As a teacher, I’m often met with mixed responses when I tell people that I teach middle school. Some people view middle schoolers as being disorganized, moody, etc. Yet, these years, ages 10-14, are my favorite age group, and I love teaching them.
The three or four years of middle school can bring many changes, challenges, and joys in a person’s life. According to the National Middle School Association, “Young people undergo more rapid and profound personal changes between the ages of 10 and 15 than at any other time in their lives.” During this stage, a child changes from a pre-teen to a teenager. He or she develops physically, mentally (cognitively), emotionally, academically, and socially. Sometimes these transitions can be confusing and overwhelming, not just to the child, but also to those around them, such as their parents, siblings, other family members, and friends. One of the best ways to help a middle schooler through these years is by understanding what they are going through and offering them a great deal of support. After all, middle school can make a huge impact on a person’s life!
Middle school students are classified as pre-adolescents and adolescents, and are commonly known as pre-teens and teenagers. Males and females are headed into puberty, with girls maturing at an earlier age, starting as early as nine years old. Common changes include increases in height and weight, voice deepening for males, and hormone changes. Clinical psychologist Dr. Laura Kirmayer states in the article, “Parenting Tweens: Everything You Should Know,” that the physical changes “Can result in awkwardness, clumsiness, and actual growing pains from extreme growth spurts.” In addition, Dr. Kirmayer adds that children can become self-conscious about their bodies and the changes on the inside and outside. Promoting positive self-esteem, self-confidence, and body image at home is helpful.
Social and Emotional Changes:
Two of the main aspects of the social and emotional transformations of middle schoolers are how they view others, especially their peers, and relationships. Pre-teens and teenagers want to be independent, have more responsibilities, and plenty of space to figure out who they are. Sometimes they don’t think through the consequences and risks of new experiences. It is normal for a child to show a different personality each week—decide how they want to talk and what to wear, for example. A person in this life stage is said to be “testing the waters” to see what type of person they want to become. They look to their friend groups and peers for advice and guidance. There is the pressure to fit in, which can lead to trying different looks and outlooks. However, it is important for parents to be aware of who they are hanging around with, as bullying can become a big problem at this age. In addition, students are starting to think about dating and liking others. Lastly, pre-teens and teenagers are being influenced by the media, social media, role models, and adults in their lives. They are creating a foundation for their values and beliefs, while realizing what the culture expects. A parent or guardian should help their child determine the difference between right and wrong.

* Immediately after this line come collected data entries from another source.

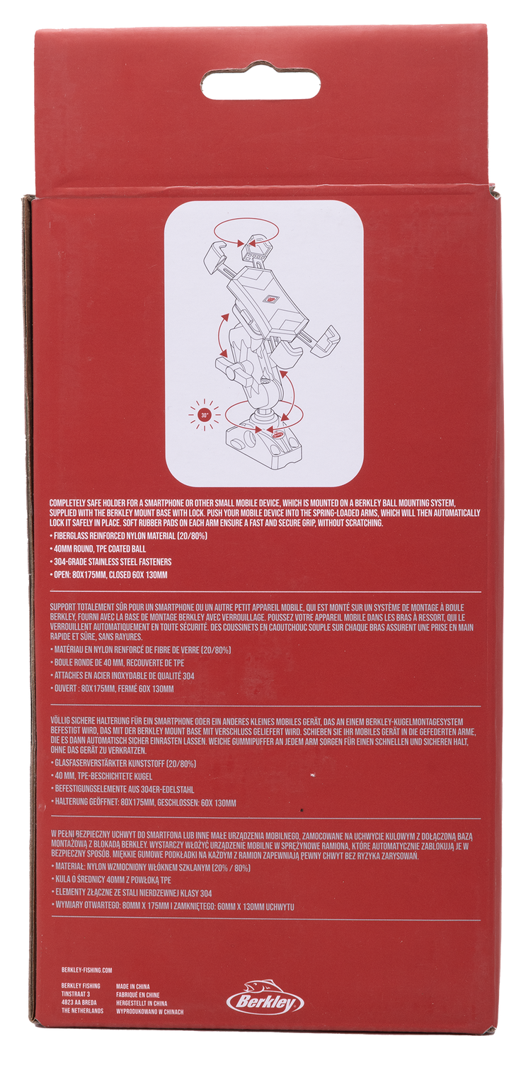 This secure and reliable holder is designed to keep your smartphone or small mobile device firmly in place using the Berkley Ball Mounting System, complete with a locking base. The spring-loaded arms automatically grip your device when inserted, while soft rubber pads prevent scratches and ensure a snug fit.
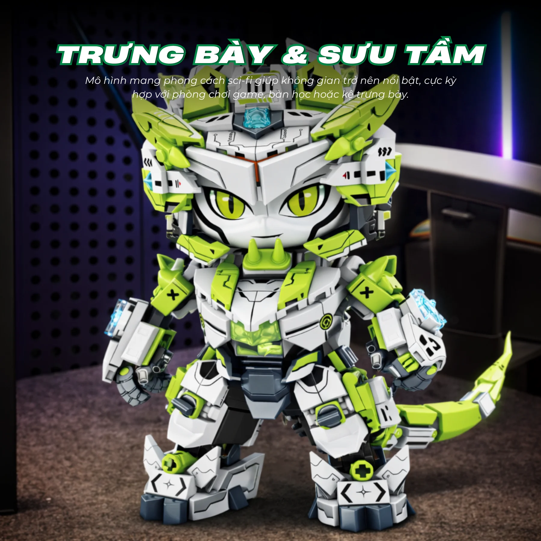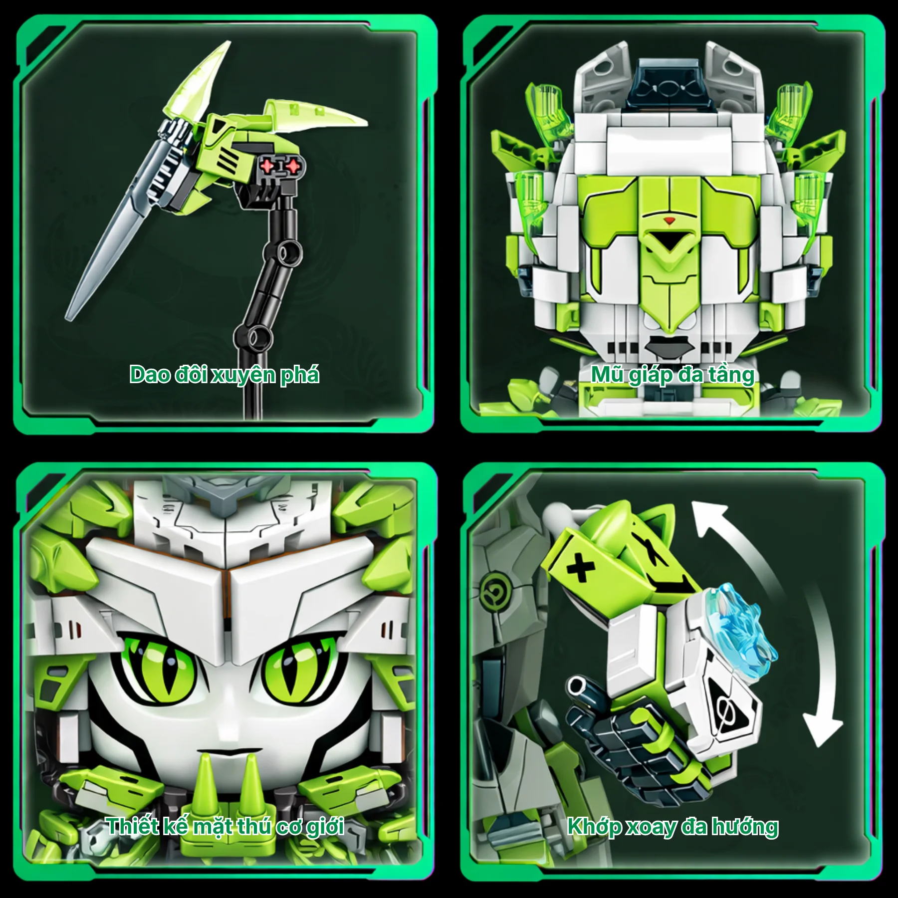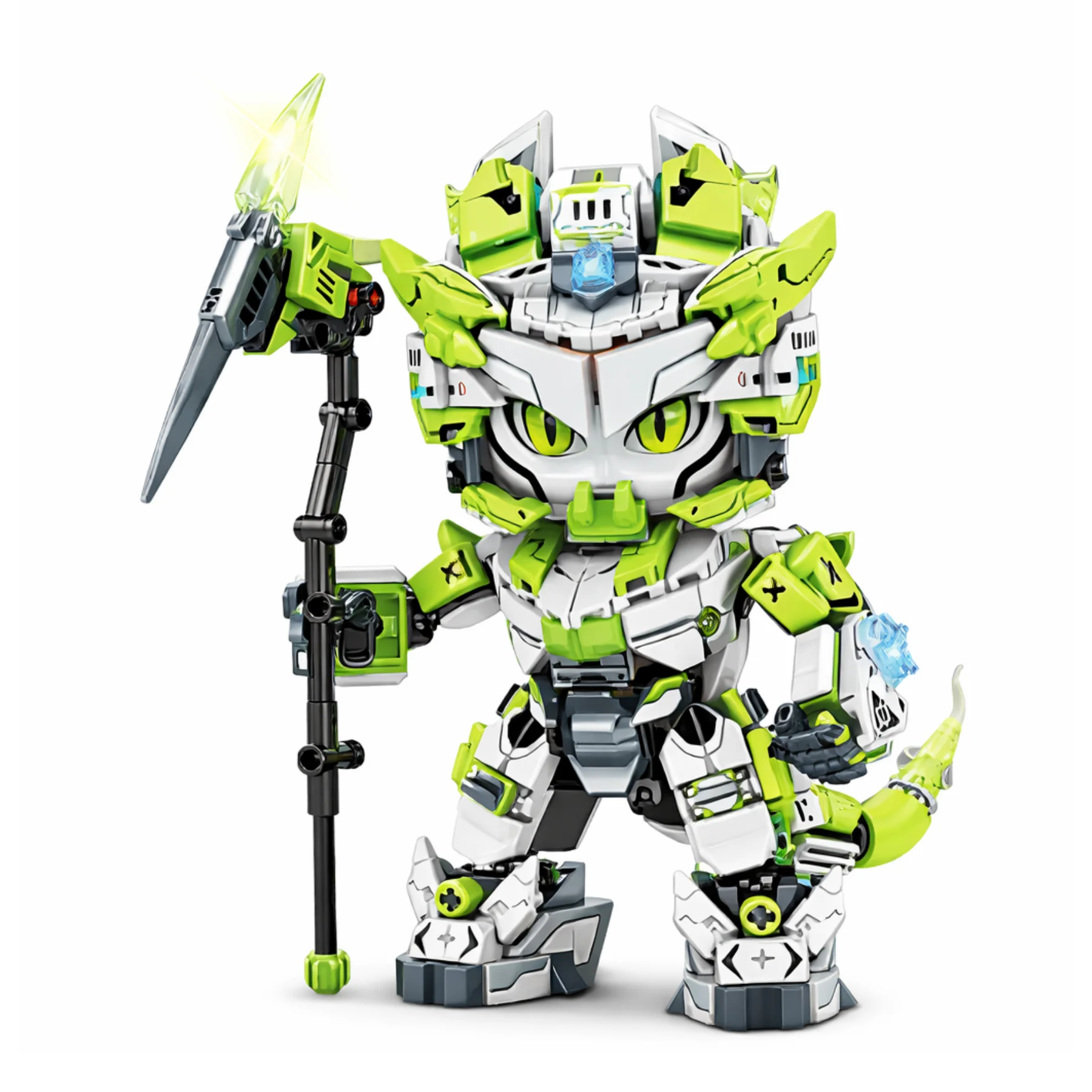 Thiết kế nổi bật với tông màu xanh trắng công nghệ, phần sừng và đuôi năng lượng trong suốt tạo hiệu ứng ánh sáng bắt mắt. Vũ khí thương dài có thể tháo rời, các khớp tay chân linh hoạt giúp bé tạo nhiều tư thế khác nhau sau khi hoàn thành. Các chi tiết giáp và sticker trang trí giúp mô hình sống động hơn, phù hợp làm quà tặng cho bé yêu thích lắp ráp và sưu tầm.
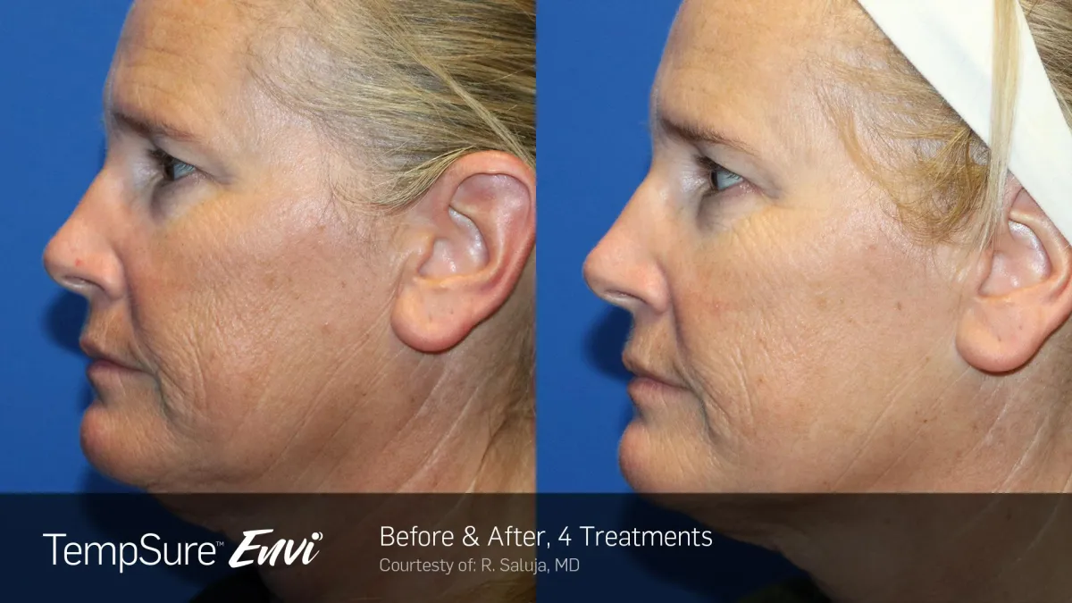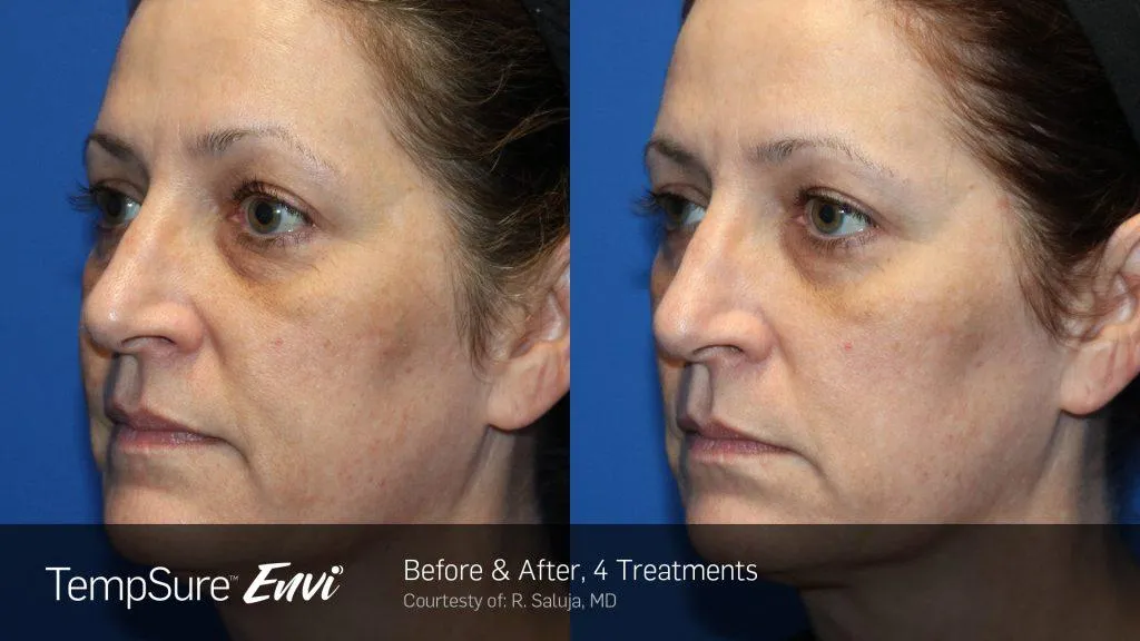 TempSure Envi can treat the eye area, face, neck, chest, upper arms, knees or anywhere on the body with loose or thinning skin. It’s typically performed as a series of treatments scheduled 2–4 weeks apart.
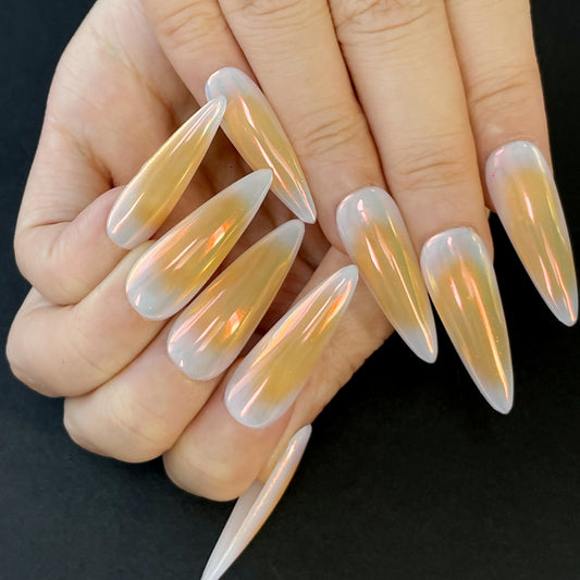 Gold Gradient Stiletto Press-On Nails – Clear to Yellow Ombre with Glossy Shine, Elegant and Glamorous Look for a Stylish Statement(K26)
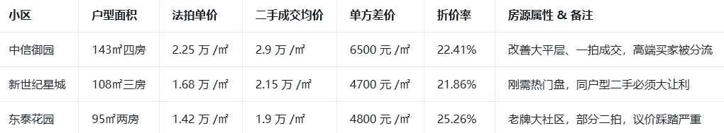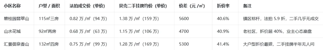 远郊(茶山 / 谢岗 / 樟木头)35%-42%(5.8-6.5 折),核心区(南城 / 东城 / 松山湖)18%-28%(7.2-8.2 折),远郊单套价差普遍50-80 万,是核心区的 1.5 倍以上- 流通性断崖:远郊法拍流拍率超 40%、二手去化周期超 18 个月;核心区法拍成交率 60%+、二手去化 8-12 个月 ,远郊业主想卖,只能跟着法拍价 腰斩式降价,否则彻底卖不掉。
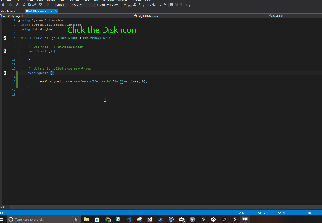 In 10 instructions or less document the steps for making a ball jump in unity.
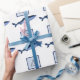 Nautical Sharks Navy Blue White Wrapping Paper
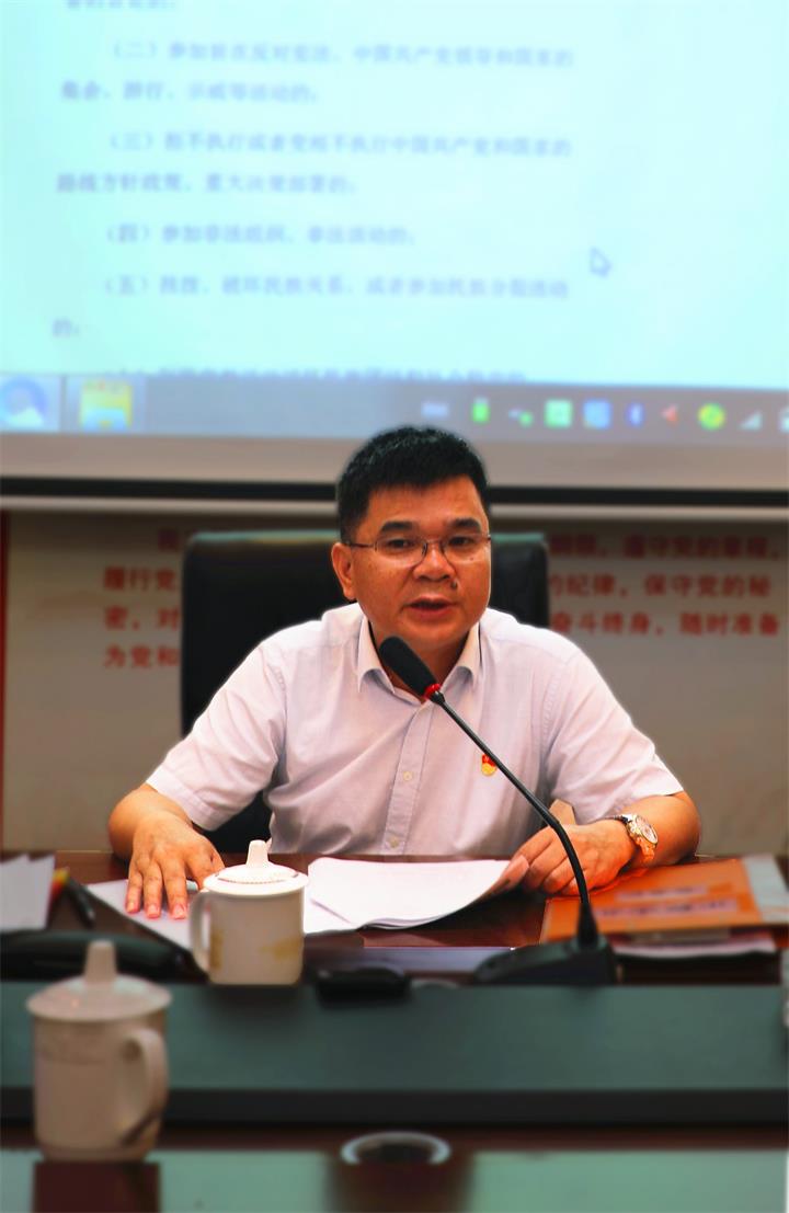 会上,柳国忠同志领学《公职人员政务处分法》;聂茂良同志通报典型案例:清远国土女局长的“家庭式腐败”。同时,观看视频《国之本在于家》《广西抗疫“最美家庭”宣传专辑》,并向全体党员、干部职工发放《家属助廉承诺书》。
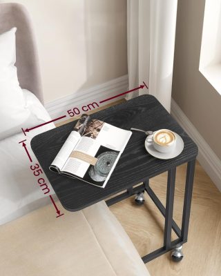 Oldalasztal acél vázzal és görgőkkel, kanapé alá csúsztatható asztal, fekete
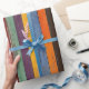 Orange, rött, grönt och vintage av gult, papper förpackning
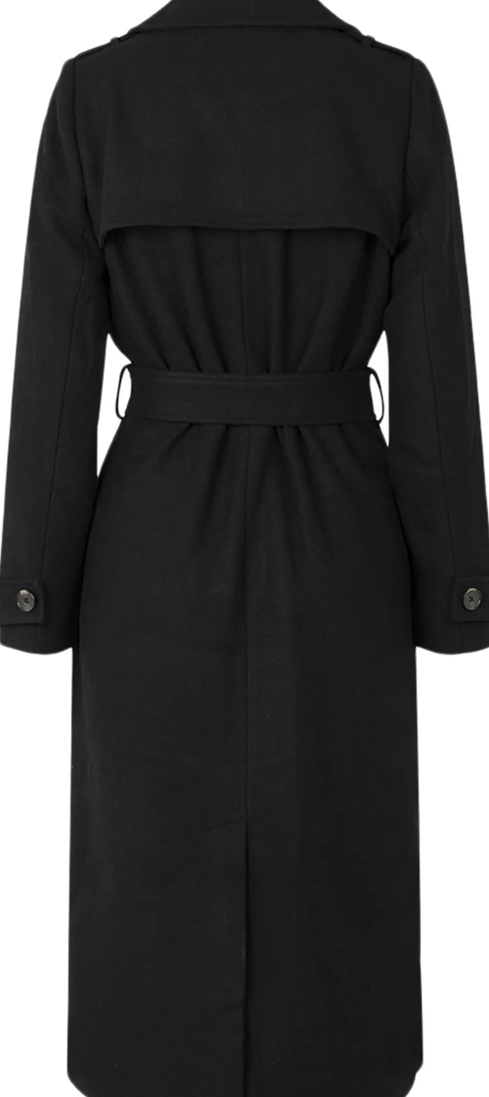 Klassisk, dobbeltradet uldfrakke med krave og revers. ShayMD coat har bredt taljebælte, skulderstropper, brede manchetter og stormflap. Med for og slids bagpå.
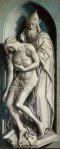 When Jochen Sander, the museum’s deputy director and curator of German, Dutch and Flemish paintings before 1800, is showing me round the Old Masters wing, we stop just before the entrance, where the walls are densely covered with paintings on either side of the main door. ‘Really the bulk was sold in the early 19th century,’ he says, ‘but we wanted to have this way of remembering that until the 20th century, the aesthetic of presenting painting was completely different – it was much more symmetrical and ordered, highlighting the top pieces.’ Here he points to a pair of Frans Hals portraits, before picking out a brothel scene by the Brunswick Monogrammist – ‘a sort of proto-Brueghel scene,’ he says, ‘a wonderful painting’. Once you walk through the double doors and into a vestibule, the museum puts the highlights of its collection right in front of you: here are the Flémalle Panels (c. 1428–30), for instance – three oil paintings depicting a Saint Veronica, Madonna with Child, and Mercy Seat from an otherwise lost altarpiece – which were once attributed to the Master of Flémalle, but are now thought to be by several hands, including Rogier van der Weyden, in the workshop of Robert Campin. The sculptural trompe l’oeil of the Mercy Seat, in which Christ seems about to slump out of the frame, is particularly striking.

As for the emotional changes, every situation, incident, and moment is heightened and sometimes more dramatic than it really is. Pre-teens’ and teenagers’ brains develop slower than other areas and make the kids more sensitive to their emotions, as well as the emotions of others. Don’t always assume they are moody. In the same article listed above, Dr. Kirmayer writes, “It’s normal for kids this age to have really intense swings of emotions and interpersonal dynamics.” Hey, life is confusing for a middle schooler.
All the multiple changes impact each other. The social influences and emotional changes can affect how your child thinks. During this period, a kid is going from the literal, self-absorbed perspective to becoming aware of theirs and others’ thoughts. Again, they care about what their peers and others think of them; they compare themselves with others, and unfortunately, pay less attention to the advice of their parents and guardians. Teaching your pre-teen or teenager how to regulate and tolerate what they are thinking, feeling, and seeing is key.
Don’t be alarmed if any these developmental changes have an impression on your middle schooler’s academics. It is hard going to a new school and through the multiple transitions. Be there for your middle school student, offer advice, and keep reminding your child that all the changes they are going through are normal and that everyone goes through this stage of life.